Input for this task>

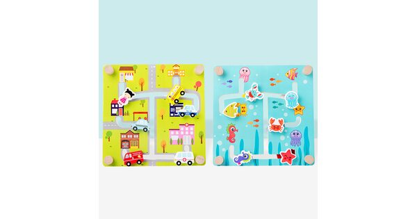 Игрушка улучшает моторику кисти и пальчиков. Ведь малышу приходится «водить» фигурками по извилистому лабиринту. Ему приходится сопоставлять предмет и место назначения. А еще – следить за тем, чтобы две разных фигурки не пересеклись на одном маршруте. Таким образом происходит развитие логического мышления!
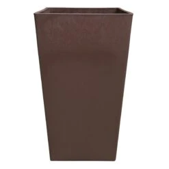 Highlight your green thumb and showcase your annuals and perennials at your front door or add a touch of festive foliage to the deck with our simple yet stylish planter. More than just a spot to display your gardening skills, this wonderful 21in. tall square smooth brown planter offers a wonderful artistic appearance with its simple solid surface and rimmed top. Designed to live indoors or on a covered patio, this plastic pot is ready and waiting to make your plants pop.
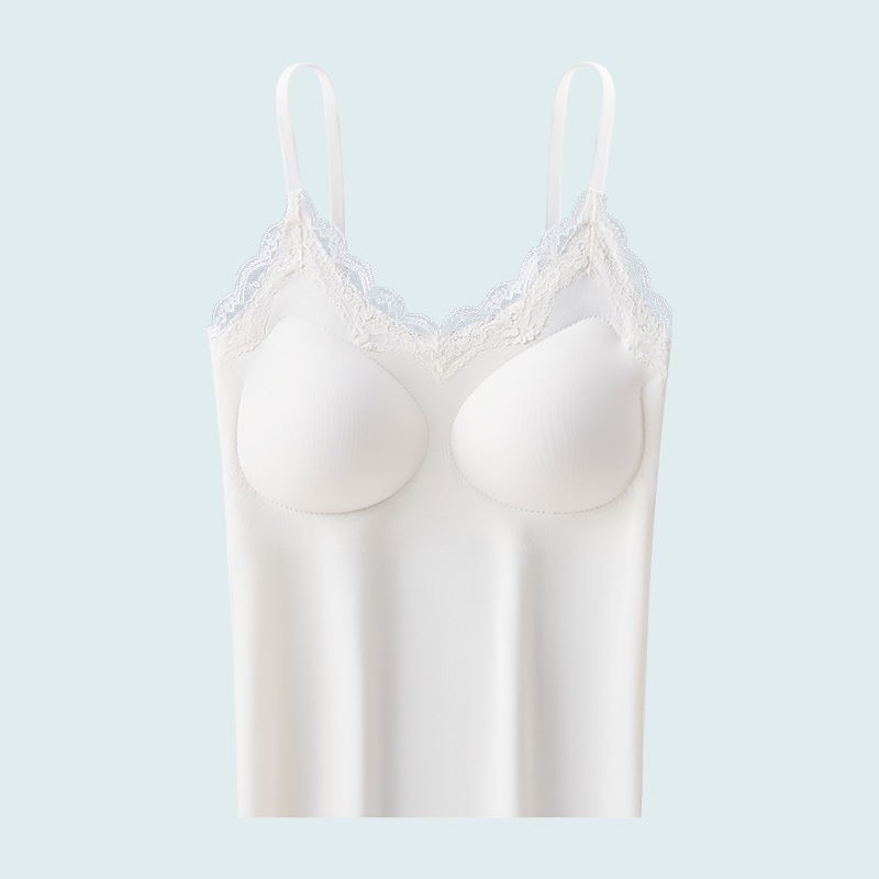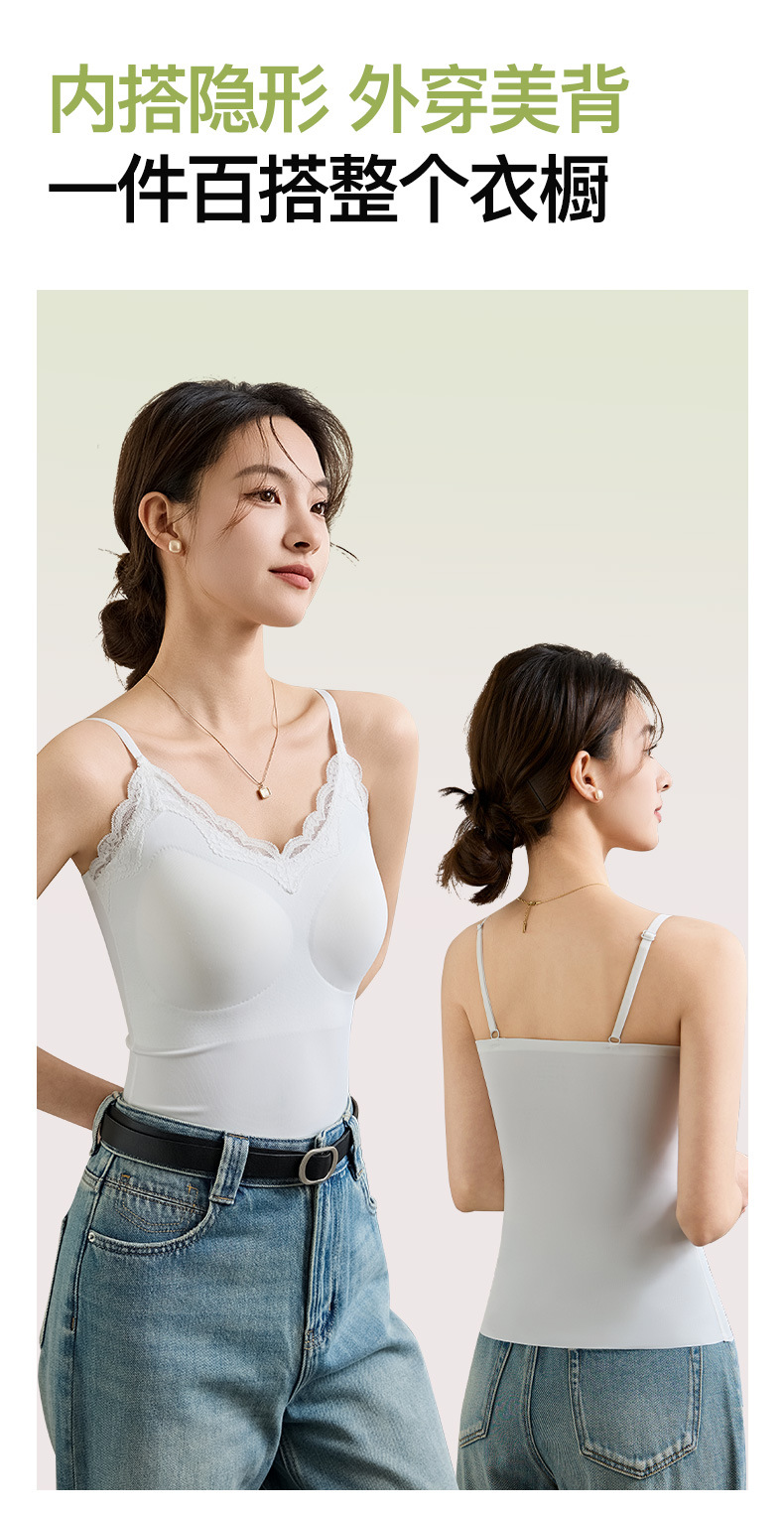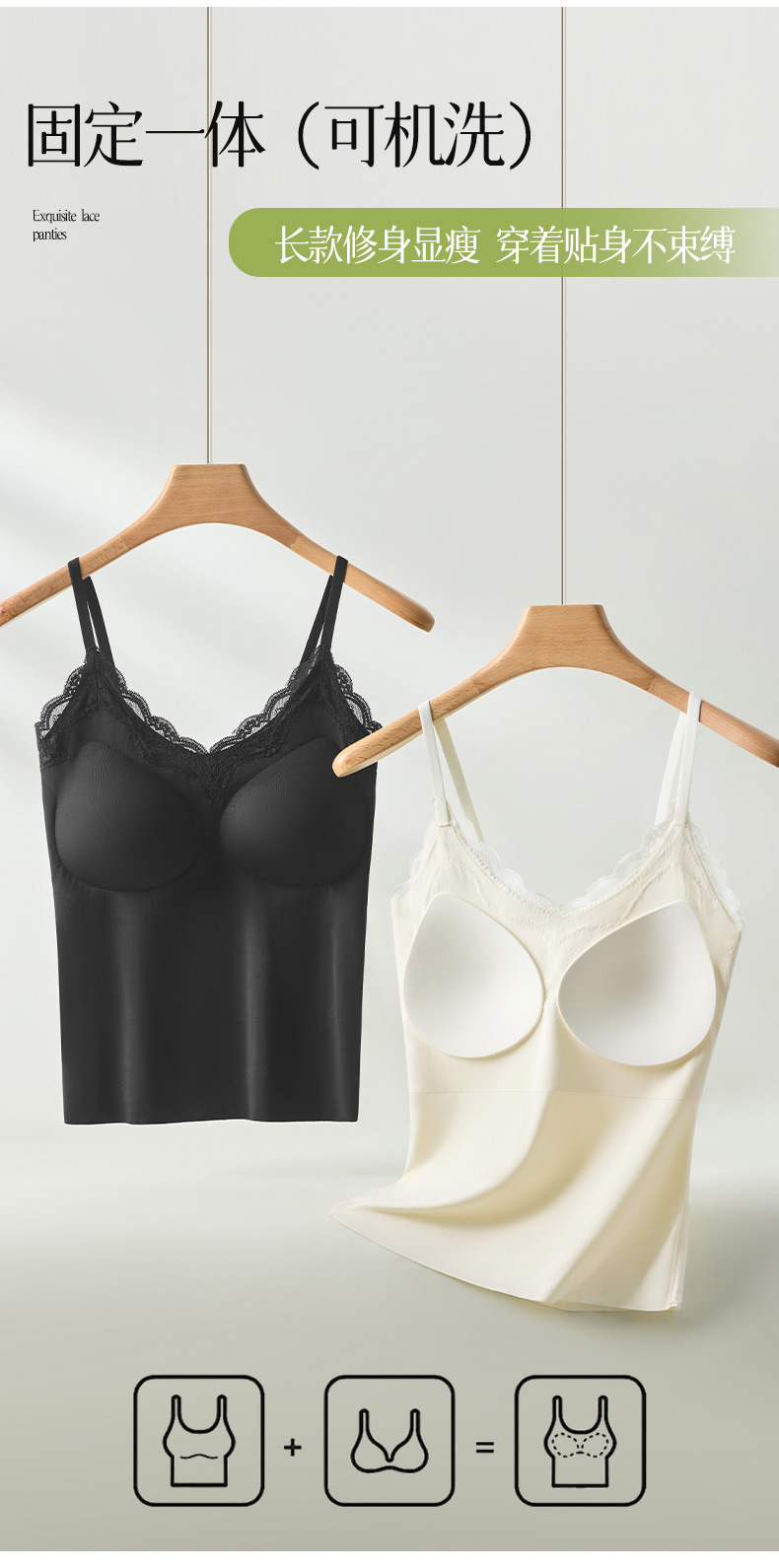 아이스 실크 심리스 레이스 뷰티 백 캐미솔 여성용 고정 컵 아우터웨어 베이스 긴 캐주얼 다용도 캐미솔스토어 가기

==

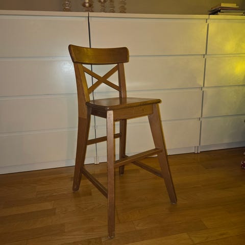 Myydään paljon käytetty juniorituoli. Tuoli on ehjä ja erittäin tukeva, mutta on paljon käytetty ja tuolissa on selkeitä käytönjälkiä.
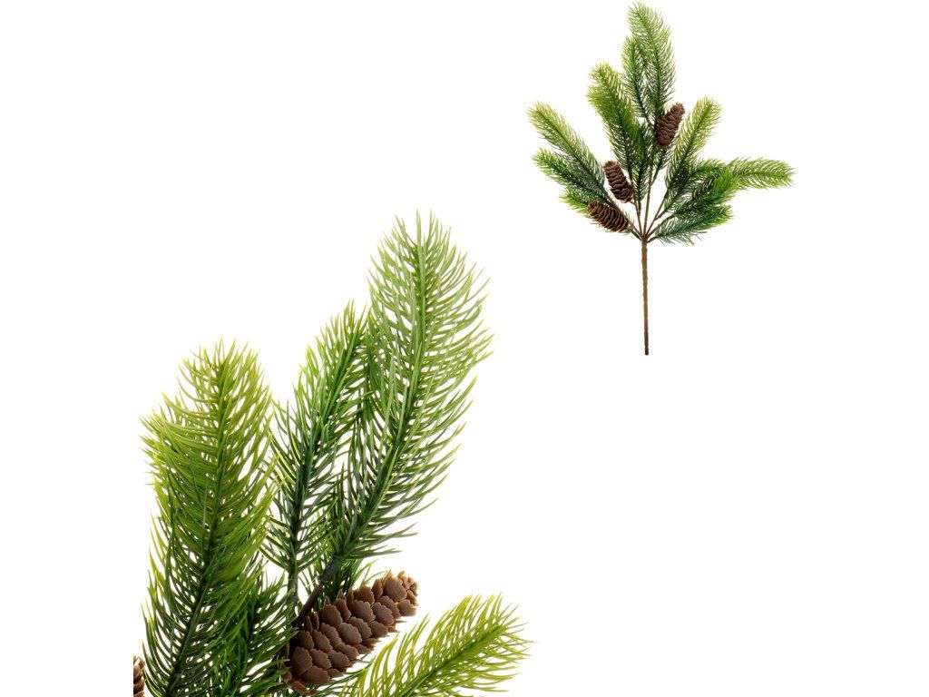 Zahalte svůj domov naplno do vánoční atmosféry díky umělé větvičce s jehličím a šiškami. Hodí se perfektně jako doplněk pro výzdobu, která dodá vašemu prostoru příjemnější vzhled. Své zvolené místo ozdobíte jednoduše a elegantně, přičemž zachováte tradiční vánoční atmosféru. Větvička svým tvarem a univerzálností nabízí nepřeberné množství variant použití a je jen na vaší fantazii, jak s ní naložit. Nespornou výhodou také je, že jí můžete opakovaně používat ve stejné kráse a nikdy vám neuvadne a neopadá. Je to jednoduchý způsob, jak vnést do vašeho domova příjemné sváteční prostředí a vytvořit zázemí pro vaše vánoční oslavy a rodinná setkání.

==

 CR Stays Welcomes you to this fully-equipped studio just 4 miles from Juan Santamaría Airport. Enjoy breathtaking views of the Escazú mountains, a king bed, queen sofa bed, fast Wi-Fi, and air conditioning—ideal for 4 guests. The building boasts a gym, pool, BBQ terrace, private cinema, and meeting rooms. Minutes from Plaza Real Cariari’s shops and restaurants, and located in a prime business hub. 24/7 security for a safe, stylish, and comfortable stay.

Exercise>
In the records above, everything from the line with "Игрушка улучшает моторику" down to the line with "Highlight your green" is to be set down exactly, both ends included, with no pictures and no other lines.

Response to the task>
 Игрушка улучшает моторику кисти и пальчиков. Ведь малышу приходится «водить» фигурками по извилистому лабиринту. Ему приходится сопоставлять предмет и место назначения. А еще – следить за тем, чтобы две разных фигурки не пересеклись на одном маршруте. Таким образом происходит развитие логического мышления!
 Highlight your green thumb and showcase your annuals and perennials at your front door or add a touch of festive foliage to the deck with our simple yet stylish planter. More than just a spot to display your gardening skills, this wonderful 21in. tall square smooth brown planter offers a wonderful artistic appearance with its simple solid surface and rimmed top. Designed to live indoors or on a covered patio, this plastic pot is ready and waiting to make your plants pop.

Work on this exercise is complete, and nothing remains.